Solo by Alyssa Brugman
Allen and Unwin, 2007
(13+) Uncontrollable, destructive and at odds with the world, Mackenzie is sent on an outback camp, where she must suffer counseling and activities designed to build trust and communication. She decides that she will undergo the final activity, but has no idea about how she will cope by herself for 24 hours.
Driven to the designated area, she is told she must erect her own tent, build her own fire and fill in the time alone. Disdainful of any help or suggestions, she strikes out, ready for anything, but is unprepared for the revelations of her own thought processes. As the time passes, her words and actions reveal layers of meaning and destruction within her family. She talks about her father being a chemist, but questioned by people about this, told she is a liar. There is a death of someone close to her, but just who it is, is not revealed. She remembers playing hopscotch when the thief breaks in, but then cannot connect the thief with any other event. Delving into her past causes anxiety attacks.
The minutiae of her childhood life build along with the tension of her survival in the wilderness, until she reveals to the reader and herself what has happened to her. Until that moment we are all in awe of the strength of the girl, Mackenzie as she repels all attempts to help her. Mackenzie is a finely drawn character. We feel we know her through and through, but just as questions seem to be coming to a conclusion, she brings up other events, other thoughts, which unravel the web we have pieced together.

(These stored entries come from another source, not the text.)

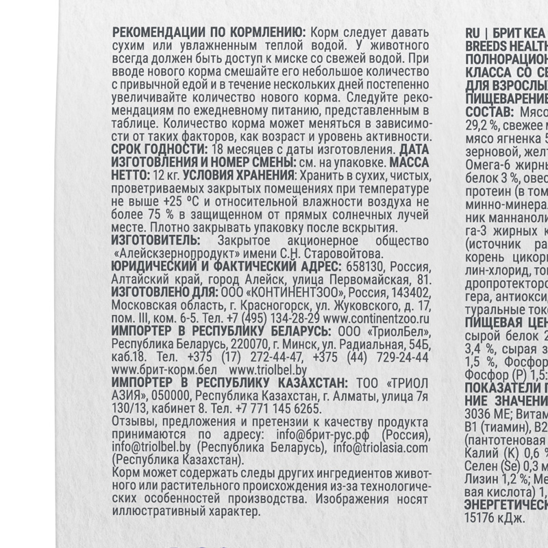 Брит Кеа Сухой корм для взрослых собак всех пород с индейкой, ягненком и рисом Dog Adult Sensitive Healthy Digestion, 1,5 кг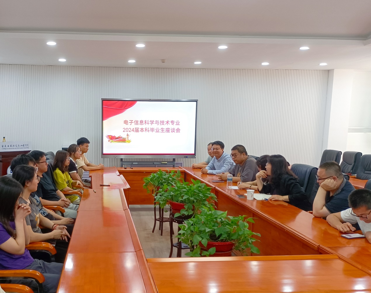 2024年6月13日,电信公司在彭家坪校区舒卷楼会议室召开了电子信息科学与技术专业2024届毕业生代表座谈会。电信公司副经理张宏亮,系主任黄玲,专业课老师代表,辅导员老师代表,班主任老师及二十余名毕业生员工代表等出席了会议,系主任黄玲老师主持了会议。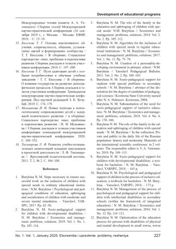 12. Бурыкина Н. М. Оптимизация процесса получения образования лицами с ограничениями физического и умственного развития в малых городах, поселках и деревнях] / Н. М. Бурыкина // Актуальные проблемы совершенствования высшего образования. - Ярославль, ЯрГПУ, 2018. - С. 588-590. EDN: YWDSNR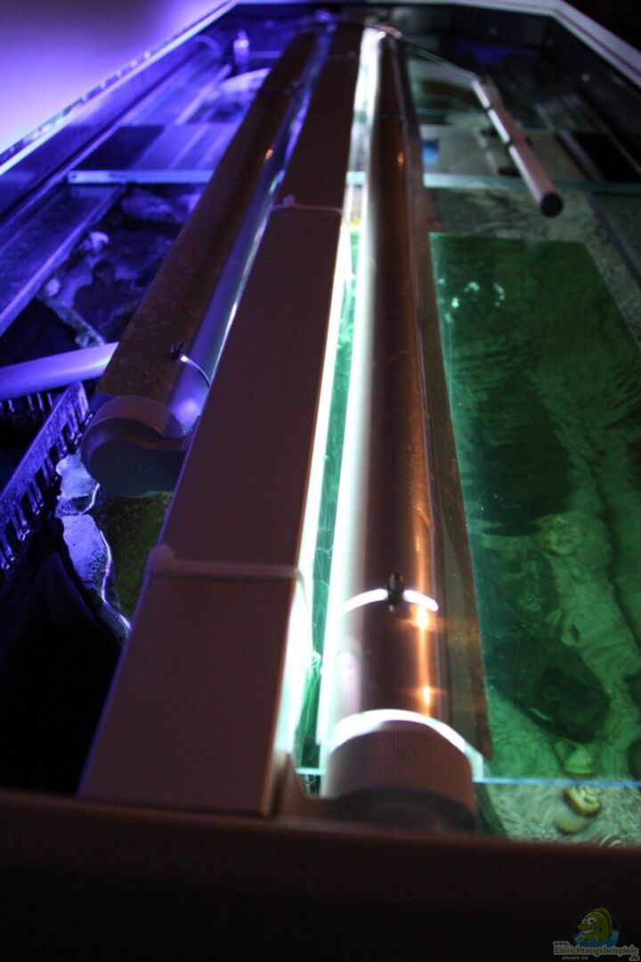 GHL Profilux Plus II GHL Leuchtbalken, getrennt dimmbar, 2 x 80 W GHL Profilux Simu-L Stab GHL Temperatursensor GHL STDL-4D Steckdosenleiste JUMO ph-Glaselektrode kompatibel mit Profilux Temperatur und pH-Wert werden an der Wasseroberfläche hinter der Rückwand gemessen. Tunze Turbelle nanostream 6055, 1000-5500 l/h, wird über Profilux Plus II gesteuert.Nachtreduzierung, sowie volle Leistung bei Gewitter. Schego Titan Heizer 300 W gesteuert über GHL STDL-4D Steckdosenleiste Hydor [...]

Brugman has developed an incredible story of a child whose family has disappeared beneath her. Events beyond her control have shaped her life for the worse, and she must recognize this and attempt to rebuild it. I followed her with my heart in my mouth and then immediately reread the book to make sure that Mackenzie will succeed, so engrossed was I with this girl's life. Girls particularly in secondary school will find this book gripping.